# define a schoolmaster please



## mydaughtersgroom (May 31, 2012)

I am looking for a horse for my daughter (9yr) and I. She has been taking lessons for 2 1/2 years and I have for 1 year. Everything I read says I should be looking to buy a "schoolmaster". My question is how do you define a schoolmaster or said another way, what skills should a horse know how to do when asked correctly so that he makes a good horse for a young or beginning rider to learn on? For better or worse, only one of the horses my daughter has ridden in lesson meets the definition I have in my head, so I am interested in hearing other peoples definition.


----------



## Hoofprints on my heart (Apr 27, 2011)

in my terms a schoolmaster is a horse that knows evrything and someone can larn from it without messing it up


----------



## Snizard93 (Oct 12, 2011)

I would say a "schoolmaster" is a horse who is generally well behaved (in hand and under saddle) and knows his job well. He/she should be responsive to the aids, but calm, quiet and forgiving.


----------



## rookie (May 14, 2012)

I think of schoolmaster as a horse that has been there and done that. They must have a pretty unflappable mind set. The kind of horse that is not going to be upset when a new rider does something like accidentally bopping them with the reins. The mind set of "its all cool" is paramount over experience. That being said most of the "its all cool" horses are ones that have seen and done a lot. The horse does not have to be a middle aged horse, but usually its between the ages of 16 and 25. It is probably the exact kind of horse that your daughter is riding in a good riding program. They can be hard to find; however, they can be found.


----------



## AlexS (Aug 9, 2010)

To me it means that they have been there and done that. They are gentle with beginners, but know enough to still be able to teach intermediate level riders. They are kind and forgiving.


----------



## Country Woman (Dec 14, 2011)

To me is means a horse that is older and has seen everything


----------



## Lins (Nov 8, 2011)

To me, schoolmaster is a horse with a kind heart, good mind, that will look after his rider. My 19 year old 17HH OTTB is a school master, because he will stop moving if he feels a child on him loosing their balance. He will completly ignore his rider unless they cue him properly. And if someone says "WHOOAAHH" he will plant his feet and wait. He is worth his weight in gold simply because he is so kind.
_Posted via Mobile Device_


----------



## Cinder (Feb 20, 2011)

To me a schoolmaster is a horse that knows its job and what is expected of him/her. They are fairly responsive to aids but not thin-skinned or SO responsive as to be difficult for a beginner or beginner-intermediate rider. Bomb proof. They are steady and consistent, with a good attitude and no vices. Typically a schoolmaster will be up there in age.


----------



## calicokatt (Mar 5, 2012)

We are lucky enough to have two horses that I consider 'schoolmasters'. One was given to us at the age of 21, and she has been the best horse we could ever have asked for, kind and quiet, but full of life and go if you ask for it (but never if you don't, or she thinks you can't handle it). The other cost us a pretty penny, we bought him at 16, he was a search and rescue horse and a certified sheriff's mount. That horse is worth his weight in gold. He's 22 now, and at least 2 of my girls would not be riding today if it weren't for him. With a nervous rider, he's calm, quiet and just everything you could want for a beginner. As his rider advances, he challenges them to be the best that they can. I often think he knows what the kids need better than I do. For me, a schoolmaster is a horse that you can put anybody on without fear for their safety, and yet is not so boring to ride that a relatively experienced rider would lose interest. They can teach a child to not be afraid to ask for something, and then teach them to ask correctly. They can forgive an honest mistake, and gently let an overly emotional rider know they're out of line. My son's first trail ride (son was 4 yrs old) ended up being a 4 hour trek through the mountains (I took a wrong turn) and the horse was PERFECT for my son, who knew very little other than stop, go, and use the reins like a joystick. 
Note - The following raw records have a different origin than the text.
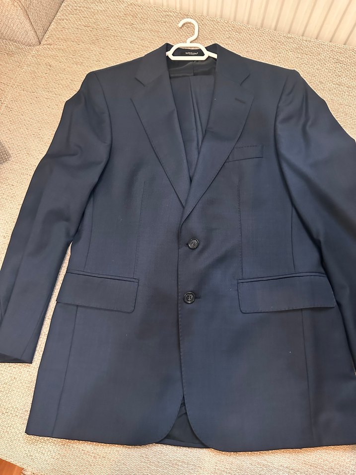 Lacivert renkte, klasik kesim ve düğmeli erkek takım elbisesi. Modern klasik tarzda, uzun kollu ve midi boyda, iş ortamları için uygundur. ️GAMBOÇU bile duruyor hiç giyilmedi.
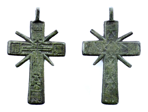 Красивая патина этого креста несколько скрывает рельеф, но вероятно также, что рельеф несколько затерт в процессе носки. На оборотной части крестика изображены орнаменты, личики полностью сохранились. Размер 44 х 26 мм.
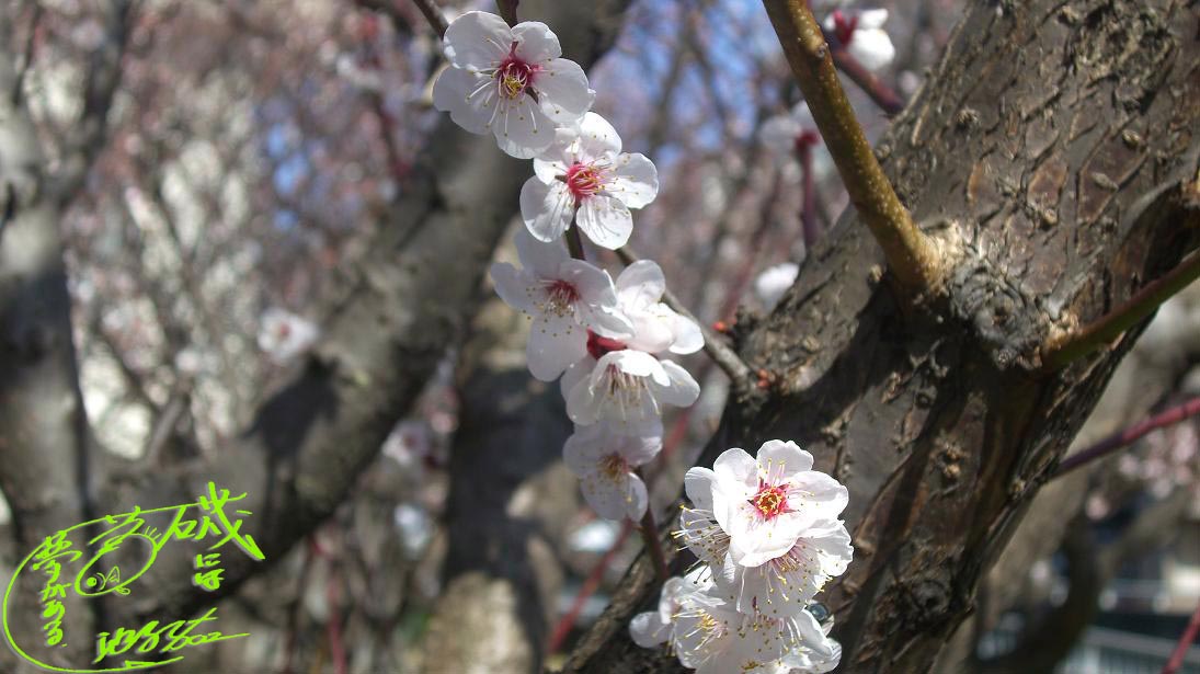 この木の幹はゴツゴツしていない。花も薄ピンクで桜に見える(^_^;)

Now, these horses aren't perfect at any discipline, but they are PERFECT first mounts, that were able to progress along with the kids, keeping them safe and challenging them all along the way.


----------



## Joidigm (May 8, 2012)

I always considered a "schoolmaster" to be an advanced learned, older horse. Basically, an older, semi retired hunter jumper or dressage or reining horse. A horse that did very well in its chosen discipline, now retired from active competition, and used as a lesson horse to teach students said discipline.

Any older horse that is safe for beginner riders, to me, is not a school master. You can have a beginner safe horse to learn on, but if you aren't learning to advance through a discipline on, that's not a school master.

The TWH I learned to ride on, I would not call a school master. He can gait and jump and teach any one the basics of riding and jumping. He's older, and as close to dead broke as I have ever seen, but I wouldn't call him a school master. I can't take him through competition or schooling, although he is a lesson horse and used to be a competition horse for his owner. The older, warmblood cross (at the same barn) with excellent movement that could progress you through intermediate levels of competition and probably higher (he is good enough for my instructor to compete on at more advanced levels), that is what I would call a school master.


----------